The first step is to compile the program using the following commands:

# only for the first time using SoftMatcha 2
$ rm -rf ~/gensim-data/glove-wiki-gigaword-300
$ rm -rf ~/.cache/huggingface/hub/models--facebook--fasttext* # If you use languages other than English

# install/compilation
$ curl -LsSf https://astral.sh/uv/install.sh | sh
$ echo 'export PATH="$HOME/.local/bin:$PATH"' >> ~/.bashrc
$ source ~/.bashrc
$ sudo apt-get update
$ sudo apt-get install -y build-essential python3.12-dev pkg-config libicu-dev
$ curl --proto '=https' --tlsv1.2 -sSf https://sh.rustup.rs | sh
$ source ~/.cargo/env
$ uv sync
$ uv run maturin develop --release --manifest-path rust/Cargo.toml

2. Build Index: `softmatcha-index`

The next step is to build indices with the following command. The final filesize is typically ~10x the size of the raw text for small corpora, but less than 3x for larger corpora.

$ uv run softmatcha-index --index [index directory] [text file]

Example:
$ uv run softmatcha-index --index corpus corpus.txt

For faster indexing, we recommend setting the indexing memory usage via --mem_size. For faster search, we also recommend setting the search memory usage via --mem_size_ex.

Note that a large mem_size_ex increases loading time, so we suggest using a lower value (e.g., 100) for small corpora.

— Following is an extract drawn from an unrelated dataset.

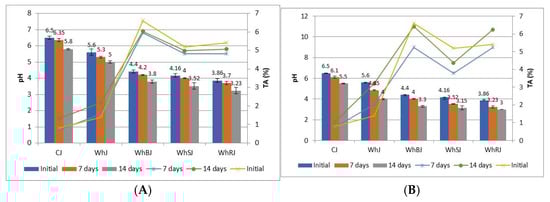 Evolution in time (0–14 days) of pH and titratable acidity (TA) of jelly samples. (A) Jelly samples stored at 4 °C. (B) Jelly samples stored at ambient temperature (20–25 °C). The columns express pH values, and the lines expresses titratable acidity (TA) values.

$ uv run softmatcha-index --index corpus --mem_size=5000 --mem_size_ex=1000 corpus.txt

(5,000MB memory for indexing, 1,000MB memory for execution (search))

3. Search: `softmatcha-search`

Finally, you can search for phrases using the following command:

$ uv run softmatcha-search --index [index directory] [pattern]

Example:
$ uv run softmatcha-search --index corpus "olympics gold medalist"

To adjust the number of outputs, similarity thresholds, or max runtime, use the following options:

Example:
$ uv run softmatcha-search --index corpus --num_candidates=100 --min_similarity=0.2 --max_runtime=20 "olympics gold medalist"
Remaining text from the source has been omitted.